Removal of restrictions on the proportion of foreign investment shareholding.

According to the Commercial Companies Law 2015, except for setting up offshore companies in Jebel Ali Free Zone (Jafza) and Ras Al Khaimah Economic Zone (RAKEZ), foreign-invested onshore companies set up in the UAE are subject to restrictions on the shareholding ratio. At least 51% registered capital should be held by UAE citizens, or UAE companies in which all the shareholders are UAE citizens.

On this basis, the Foreign Direct Investment Law 2018 divided the business area that may be carried out by foreign companies into a positive and negative list. For the 13 categories of business activities on the positive list, the new decree authorises the emirates to decide the maximum ratio of the shareholding of the foreign investment.
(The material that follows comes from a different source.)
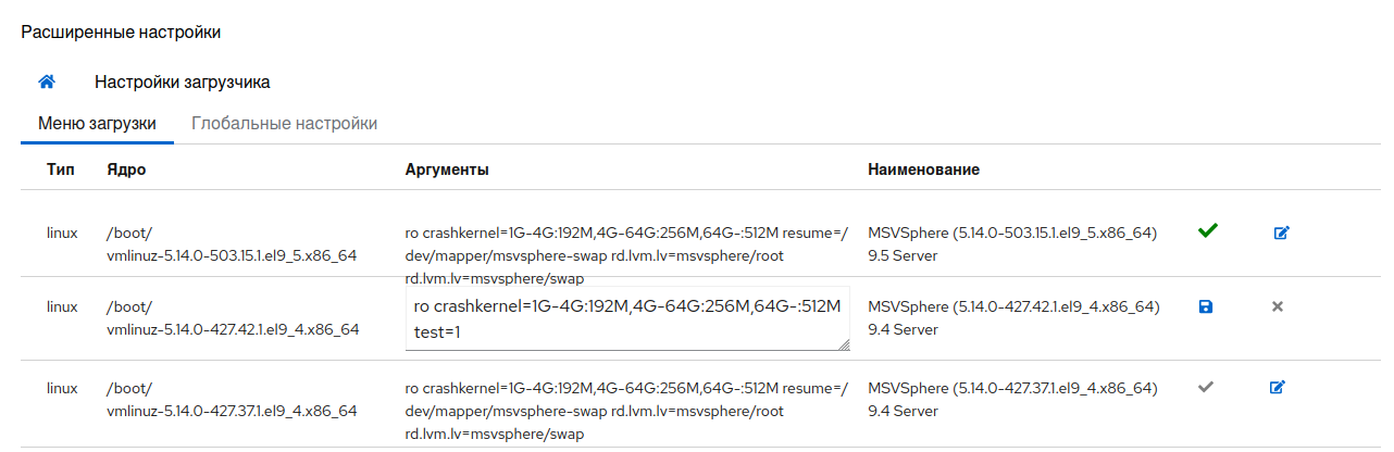 Для того чтобы изменить загружаемое ядро по умолчанию, нажмите иконку на соответствующей записи. После нажатия во всплывающем окне подтвердите свой выбор.

For the areas still on the negative list, the legal regulations on the shareholding ratio restrictions still need to be followed.

In response to the above-mentioned requirements, the most common operation in the past was to introduce a unique UAE sponsorship system, which had the characteristics of shareholding nominees and service intermediaries under Chinese law. The sponsors were usually the nominal shareholders, who did not contribute capital to the company.

黄冠理, Huang Guanli, Associate, Zhong Lun Law Firm_
Huang Guanli
Zhong Lun Law Firm

Sponsors and foreign investors usually sign nominal shareholder agreements or similar agreements, and transfer the shares and corresponding responsibilities of the nominal shareholders to the foreign investors, to make sure the foreign investors are the sole beneficiaries and decision makers of the company. The sponsor usually charges a fixed fee as corresponding remuneration. The sponsor also provides assistance on administrative issues, such as the mediation between companies and government departments.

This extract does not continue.